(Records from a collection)
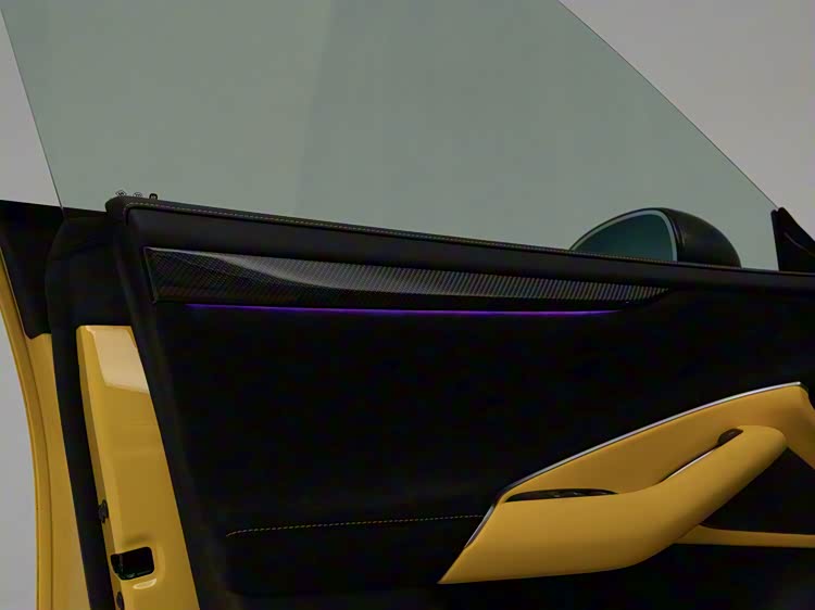 车内配置包括7.1英寸液晶仪表和16.1英寸中控屏。其他配置有双50瓦无线充电、25扬声器音响系统以及前排座椅按摩功能。多处细节可选装碳纤维装饰。
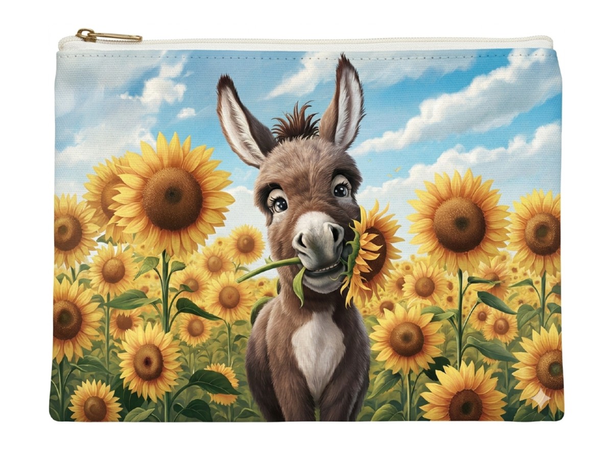 Brighten up your daily routine with our Sunflowers & Smiles Canvas Pouch. Featuring an irresistibly cute, wide-eyed donkey nestled in a vibrant field of golden sunflowers, this bag is a perfect blend of rustic charm and modern functionality.
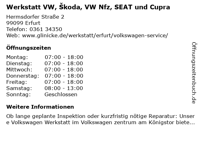 Öffnungszeiten Werkstatt VW, Škoda, VW Nfz, SEAT und Cupra
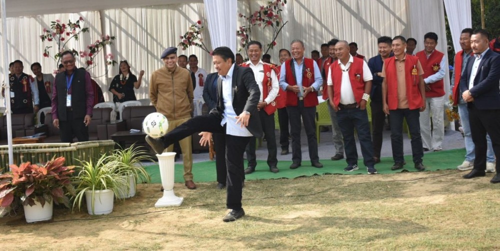 Minister of PHED and Cooperation, Jacob Zhimomi kick starts the KASA Kükami Trophy at Sahoi Village in Niuland on November 23.
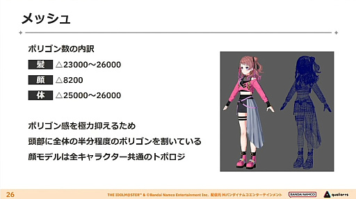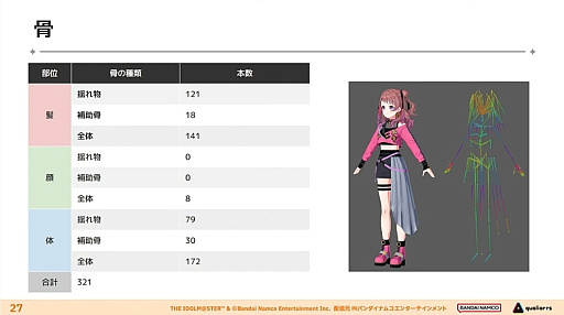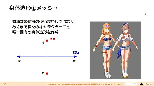 まずキャラクターの身体造形については,テンプレートを使い回すのではなく“個々の人物ごとに固有の形”で作成されている。筋肉・脂肪の量などはアイドルごとの設定に基づいて調節しているそうだ。
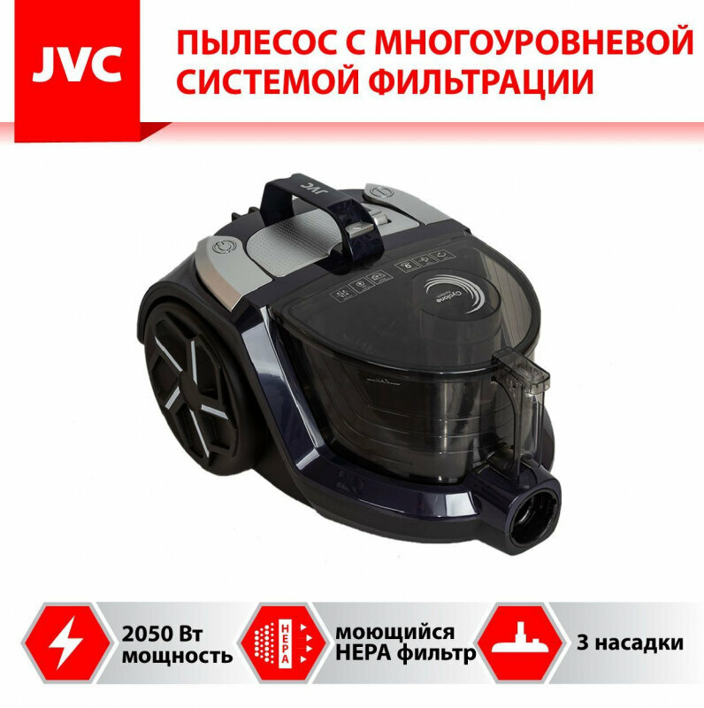 Пылесос для дома бытовой JVC без мешка, циклон, нера фильтр, 3 насадки, шнур 6 метров, 2050 Вт интересное:
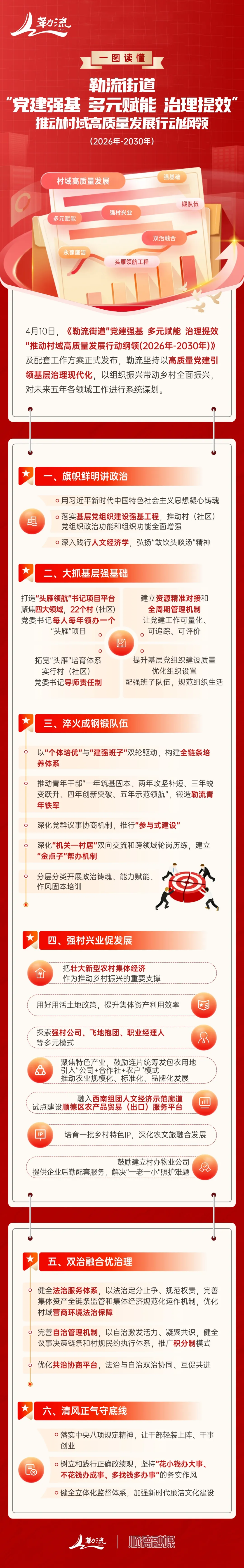 从“头雁领航”到“新锐淬火”,从“强村兴业”到“法治固本”,勒流街道以“1+5+N”政策体系为四梁八柱,打出了一套环环相扣、协同发力的组合拳。未来五年,勒流将以党建为引领,以经济为支撑,以法治为保障,推动22个村居在“百千万工程”、环两江先行区建设和“3+3+4”组团式发展中找准定位、主动作为,为顺德争当“湾区小深圳”贡献勒流力量、书写村域担当。

*Exercise requirements*. All entries must be output unchanged, with every picture omitted.

*Expected answer*.
 车内配置包括7.1英寸液晶仪表和16.1英寸中控屏。其他配置有双50瓦无线充电、25扬声器音响系统以及前排座椅按摩功能。多处细节可选装碳纤维装饰。
 Brighten up your daily routine with our Sunflowers & Smiles Canvas Pouch. Featuring an irresistibly cute, wide-eyed donkey nestled in a vibrant field of golden sunflowers, this bag is a perfect blend of rustic charm and modern functionality.
 Öffnungszeiten Werkstatt VW, Škoda, VW Nfz, SEAT und Cupra
 Minister of PHED and Cooperation, Jacob Zhimomi kick starts the KASA Kükami Trophy at Sahoi Village in Niuland on November 23.
 まずキャラクターの身体造形については,テンプレートを使い回すのではなく“個々の人物ごとに固有の形”で作成されている。筋肉・脂肪の量などはアイドルごとの設定に基づいて調節しているそうだ。
 Пылесос для дома бытовой JVC без мешка, циклон, нера фильтр, 3 насадки, шнур 6 метров, 2050 Вт интересное:
 从“头雁领航”到“新锐淬火”,从“强村兴业”到“法治固本”,勒流街道以“1+5+N”政策体系为四梁八柱,打出了一套环环相扣、协同发力的组合拳。未来五年,勒流将以党建为引领,以经济为支撑,以法治为保障,推动22个村居在“百千万工程”、环两江先行区建设和“3+3+4”组团式发展中找准定位、主动作为,为顺德争当“湾区小深圳”贡献勒流力量、书写村域担当。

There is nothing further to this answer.